Intended for healthcare professionals


Largest group of children affected by measles outbreak in Wales is 10-18 year olds

BMJ 2013; 346 doi: (Published 19 April 2013) Cite this as: BMJ 2013;346:f2545
  1. Jacqui Wise
  1. 1London

The United Kingdom is likely to see more outbreaks of measles as the cohort of children who missed routine vaccination because of safety concerns move into secondary schools, doctors said this week.

The warning came as the number of cases in the Swansea area rose to 808 (as at Thursday 18 April). Public Health Wales said that a total of 77 people had been hospitalised since the beginning of the outbreak.

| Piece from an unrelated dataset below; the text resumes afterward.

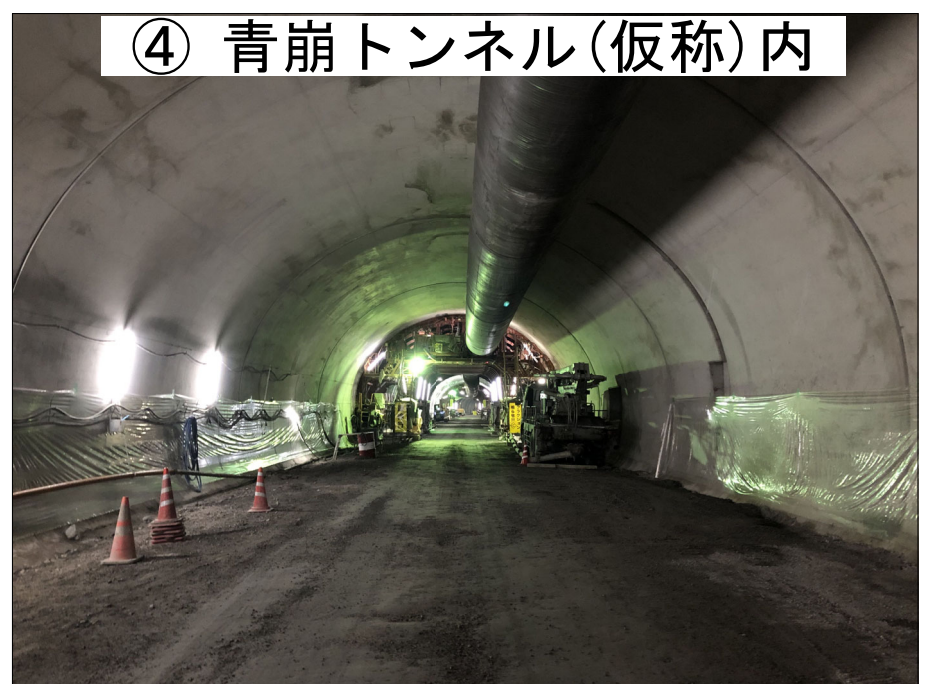
④ 青崩トンネル(仮称)内

H30年度三遠南信小嵐トンネル本坑工事 進捗率 53.2% H30年度三遠南信池島トンネル本坑工事 進捗率 53.0%

Uptake of the combination measles, mumps, and rubella (MMR) vaccine fell from 92% in early 1995 to 79.9% in 2002-03, largely because of speculation that it might be linked to autism and Crohn’s disease. MMR uptake is now up again to 92.8% in the UK as a whole, with Scotland and Northern Ireland achieving the World Health Organization target of at least 95% coverage. However, pockets of much lower uptake exist, particularly in London, where the average coverage is only 87%.

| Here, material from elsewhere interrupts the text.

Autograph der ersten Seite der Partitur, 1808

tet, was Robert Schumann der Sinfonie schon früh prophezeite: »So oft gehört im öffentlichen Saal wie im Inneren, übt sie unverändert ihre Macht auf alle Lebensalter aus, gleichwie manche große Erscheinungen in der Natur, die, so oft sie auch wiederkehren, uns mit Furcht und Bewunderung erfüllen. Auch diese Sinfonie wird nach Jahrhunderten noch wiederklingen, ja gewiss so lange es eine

Although children of all ages are being affected by the Swansea outbreak, the highest numbers of cases are being seen in those aged between 10 and 18 years. A targeted MMR catch-up campaign has started in schools in the area, and drop-in vaccination clinics have been set up.1

Marion Lyons, director of health protection for Public Health Wales, said, “Although we want children of all ages who have missed vaccinations to catch up now, we are particularly concerned about those aged between 10 and 18.

“These are the children who would have missed vaccination because of concerns about the safety of MMR in the late 1990s. The vaccine is safe, effective, and the only protection against a potentially fatal disease.”

Speaking at a media briefing in London this week, Helen Bedford, senior lecturer in children’s health at the paediatric epidemiology unit at University College London’s Institute of Child Health, said, “There are approaching two million children who are susceptible to measles as they have not received the two doses of MMR vaccine. Last year there were over 2000 confirmed cases of measles in England and Wales, with outbreaks in the north west [of England], north east, and Surrey. There is the potential for further outbreaks.”

She added that the bulk of cases was among teenagers, as young people mixed with a far larger group of children once they moved into secondary school.

Michael Fitzpatrick, a retired Hackney GP, told the briefing, “The MMR autism scare has finished, but we are now dealing with the aftermath of it. Now we are in the position of trying to mop up on those that missed out on two doses of MMR.”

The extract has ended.